What is needed: Print the line containing "(AX-332E 同步時間 1ms@32軸)" and all lines after it, unchanged, through the end of the data. Leave the pictures out.

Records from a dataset

****************************************

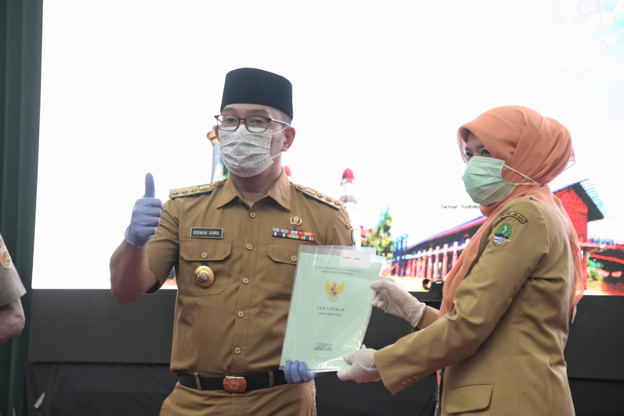 Seluruh sertifikat tanah bagi Pemda Provinsi Jabar ini secara simbolis diterima oleh Kepala Badan Pengelolaan Keuangan dan Aset Daerah (BPKAD) Jabar, Nanin Hayani Adam.
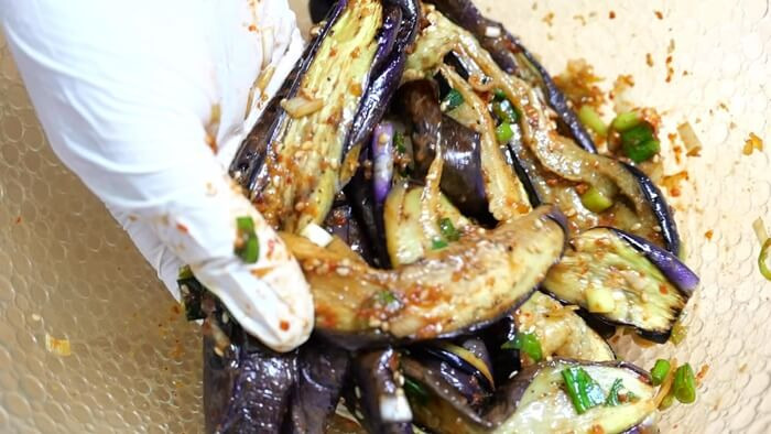 한기를 식힌 후 손으로 뜯어주세요.대파 1뿌리, 다진마늘 1스푼, 설탕 1스푼, 간장 4스푼, 고춧가루 1스푼, 참기름 1스푼을 넣고 양념을 만드세요.대파 1뿌리, 다진마늘 1스푼, 설탕 1스푼, 간장 4스푼, 고춧가루 1스푼, 참기름 1스푼을 넣고 양념을 만드세요.주물러 무쳐주세요~예쁘게 담으면 완성~간단하고 맛있는 쫀득한 가지무침~!! 한번 해보세요^^#제철요리 #가지 #가지반찬 #가지무침 #구이가지무침 #반찬 #간단한반찬 #혈관에좋은 #홈쿡 #가정식 #food #레시피
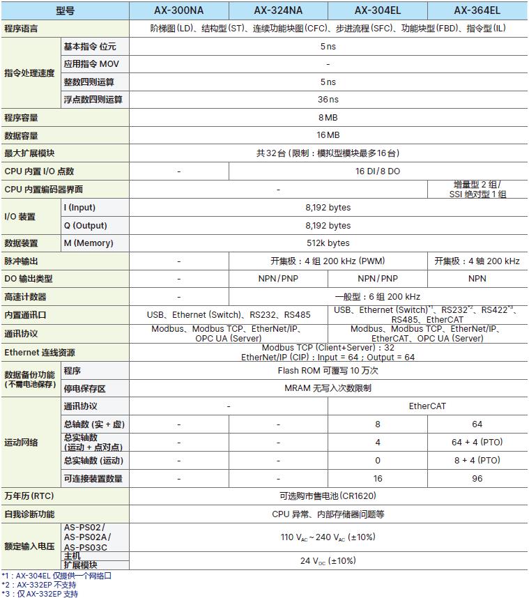 - AX-308E?/?AX-316E?/?AX-332E CPU可支持8?/?16?/?32軸EtherCAT (AX-332E 同步時間 1ms@32軸)
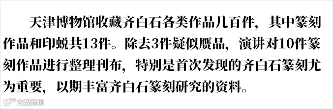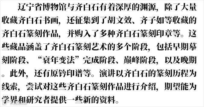 演讲以1954年辽宁省博物馆(前身为东北博物馆)为齐白石举办中华人民共和国成立以来的首次个人展览相关档案资料为主要分析对象,深入发掘辽宁省博物馆与齐白石之间的渊源,并整理出与齐家交往频繁的收藏家相关记录。1954年的齐白石展览,不仅为辽宁省博物馆和齐白石之间构建了桥梁,而且间接促成了70年后,即2024年辽宁省博物馆举行的齐白石特展。本文通过进一步研究相关藏品和1954年展览资料,探究齐白石艺术创作中的理念与情怀。
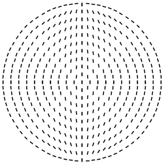 As shown in Figure 2, the two-dimensional droplet has symmetry about the z-axis, so the governing Equations (23) and (24) can be solved numerically for half of a circle, where r* > 0. Then, the initial and boundary conditions are defined as follows:

****************************************

Answer section:
 - AX-308E?/?AX-316E?/?AX-332E CPU可支持8?/?16?/?32軸EtherCAT (AX-332E 同步時間 1ms@32軸)
 演讲以1954年辽宁省博物馆(前身为东北博物馆)为齐白石举办中华人民共和国成立以来的首次个人展览相关档案资料为主要分析对象,深入发掘辽宁省博物馆与齐白石之间的渊源,并整理出与齐家交往频繁的收藏家相关记录。1954年的齐白石展览,不仅为辽宁省博物馆和齐白石之间构建了桥梁,而且间接促成了70年后,即2024年辽宁省博物馆举行的齐白石特展。本文通过进一步研究相关藏品和1954年展览资料,探究齐白石艺术创作中的理念与情怀。
 As shown in Figure 2, the two-dimensional droplet has symmetry about the z-axis, so the governing Equations (23) and (24) can be solved numerically for half of a circle, where r* > 0. Then, the initial and boundary conditions are defined as follows:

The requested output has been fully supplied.